Moa Creek

Moa Creek is a place in Central Otago with historic reminders and a sense of space that captured the imagination of New Zealand’s preeminent film-maker.

To visit Moa Creek travel for 40 minutes northeast of Alexandra, on SH85, turning southeast at Omakau and cross the Manuherikia River. Travel past the hotel at Ophir, over Poolburn Hill and turn off onto Poolburn Moa Creek Road.

The settlement of Moa Creek sprang up after the discovery of gold in 1863. There was a time when the Moa Creek Hotel was bursting with miners. Halfway along Webster Lane is a restored stone cottage once inhabited by early settlers. Moa Creek Hotel, built in 1912, replaced the Carriers Arms built in 1861. A smaller mud brick building was a general store and there is an old school.

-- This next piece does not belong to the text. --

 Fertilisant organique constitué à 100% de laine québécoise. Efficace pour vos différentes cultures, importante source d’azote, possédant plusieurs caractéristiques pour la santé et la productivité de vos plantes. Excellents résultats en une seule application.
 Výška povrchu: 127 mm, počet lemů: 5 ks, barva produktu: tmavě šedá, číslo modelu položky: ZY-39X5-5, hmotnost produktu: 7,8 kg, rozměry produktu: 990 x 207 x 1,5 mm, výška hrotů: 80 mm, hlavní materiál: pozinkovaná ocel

The earliest graves in Moa Creek Cemetery belong to European and Chinese miners. Many Chinese remains were later exhumed and returned to China.

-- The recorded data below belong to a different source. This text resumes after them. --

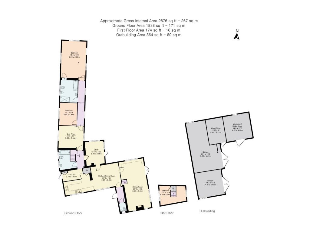 Sitting room | Kitchen/dining room | Utility/boot room | Bedroom one with en-suite bath/shower | Bedroom two | Gym/bedroom three | Family bathroom | Study/hobbies room | Cloakroom| Barn garaging | Wood store | garden | EPC rating E
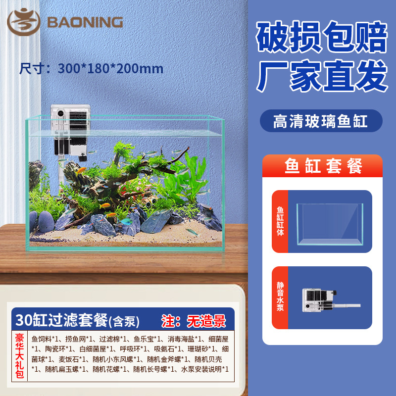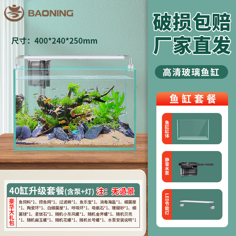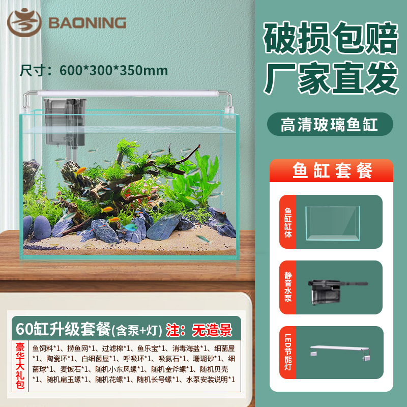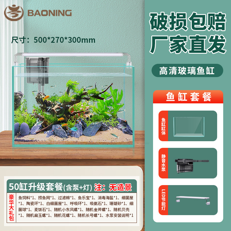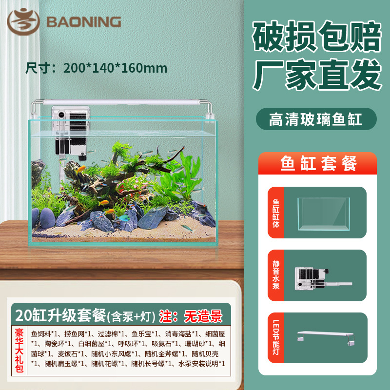 Baoning 2024 새로운 유리 탱크 금붕어 탱크 가정용 거실 작은 데스크탑 거북이 탱크 생태 직사각형 베어 탱크스토어 가기
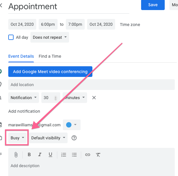 Here’s where things get weird: if you have an “all day” event, Google marks you as free by default. This means that if you put an all day event like “TRAVELING TO GREECE DON’T BOOK ME” Google will actually mark you as “free”! Find that Busy/Free dropdown and change it to “Busy” to actually keep it blocked off.
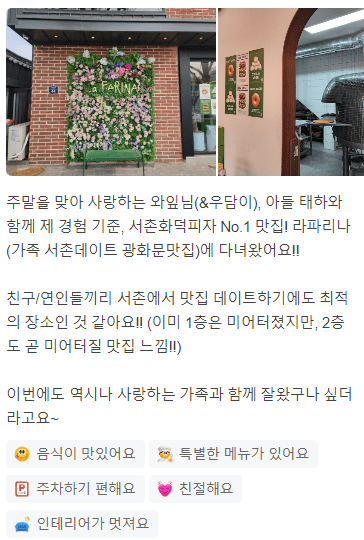 " 분위기 진짜 좋고 데이트 장소로도 추천드리고 분위기, 맛 모두 적합한 효자동 맛집이었어요 "
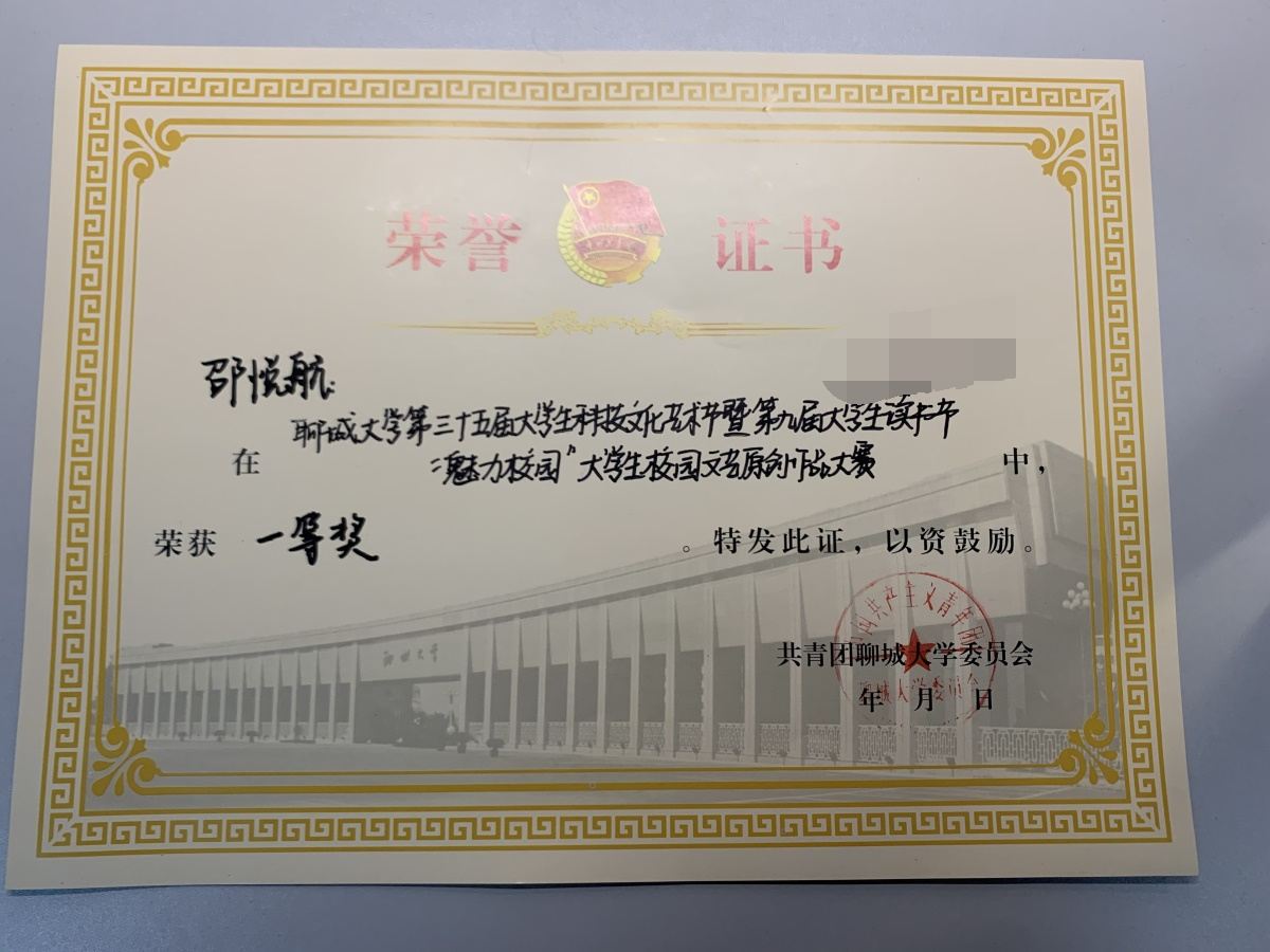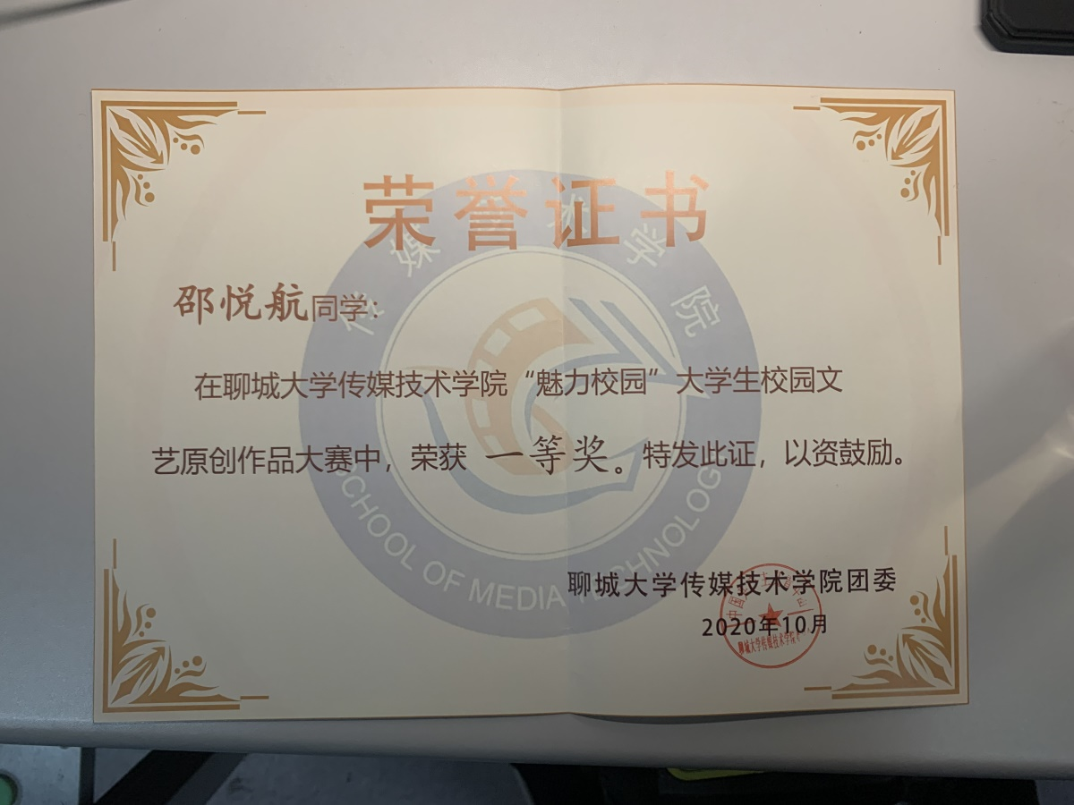 绍悦航获得太阳集团“魅力校园”大学生校园原创作品大赛一等奖

Stone walls build up the road and there are also piles of Sarsen stones. These are incredibly heavy and were nicknamed Chinamen’s rocks by the miners. It was said that wherever you found those stones, you found gold.

Be awed by the vastness of the grasslands and unusual rocky tors as you travel through Moa Creek.

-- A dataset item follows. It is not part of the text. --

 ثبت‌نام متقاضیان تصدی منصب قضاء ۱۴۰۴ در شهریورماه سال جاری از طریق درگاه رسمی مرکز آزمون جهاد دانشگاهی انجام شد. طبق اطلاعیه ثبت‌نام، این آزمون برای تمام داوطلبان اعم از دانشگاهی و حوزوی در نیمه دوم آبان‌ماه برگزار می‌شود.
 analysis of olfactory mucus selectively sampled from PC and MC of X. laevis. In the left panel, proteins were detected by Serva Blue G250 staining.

Poolburn dam was built in 1931 as an irrigation reservoir, making it a wonderful fishing spot. During Peter Jackson’s filming of the famous Lord of the Rings movie, fishing huts at the dam were disguised as rocks and village houses.

Access the Dunstan Trail at the dam via the left track, crossing below the dam. Continue left onto the trail and over South Rough Ridge, downhill to the Upper Taieri Plain and up over the Rock and Pillars.

Moa Creek is a time-out sort of place where you are free to relax, reflect and imagine.